#### Problem statement
Pictures are to be left out, and only the lines below starting at the one with "4월29일 서울경찰청은 김성진(32)의" and ending at the one with "You can make" are to be reproduced, each exactly, both ends included.

#### Supplied information
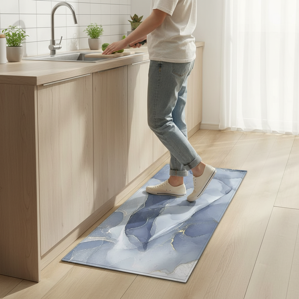 Usage quotidien du Tapis Cuisine bleu marbré antidérapant luxueux
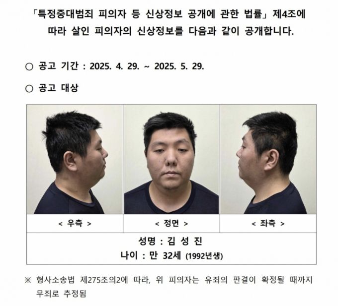 4월29일 서울경찰청은 김성진(32)의 신상을 공개했다./사진=서울경찰청 홈페이지 갈무리 |
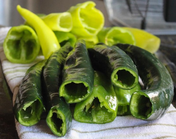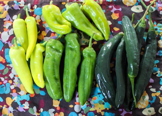 You can make this recipe with any peppers you like – chiles, jalapenos, poblanos, serranos, even bell peppers. I chose this variety because they looked fabulous at the farmers market and because they have a range of heat.
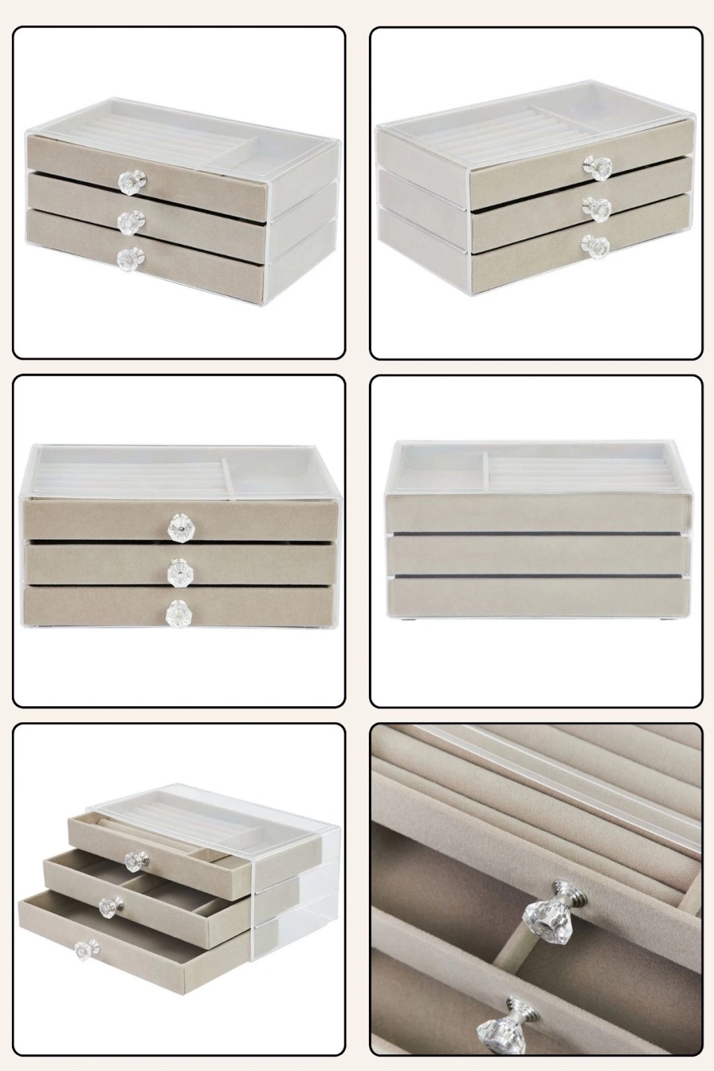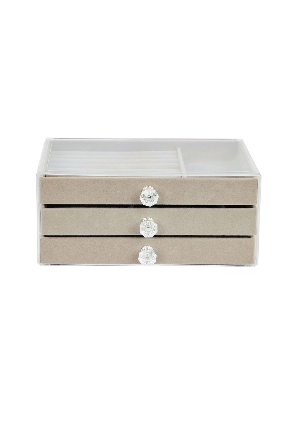 3 Çekmeceli Şeffaf Kapaklı Kadife Takı Kutusu ve Mücevher Düzenleyici Organizer

#### The completed task
 4월29일 서울경찰청은 김성진(32)의 신상을 공개했다./사진=서울경찰청 홈페이지 갈무리 |
 You can make this recipe with any peppers you like – chiles, jalapenos, poblanos, serranos, even bell peppers. I chose this variety because they looked fabulous at the farmers market and because they have a range of heat.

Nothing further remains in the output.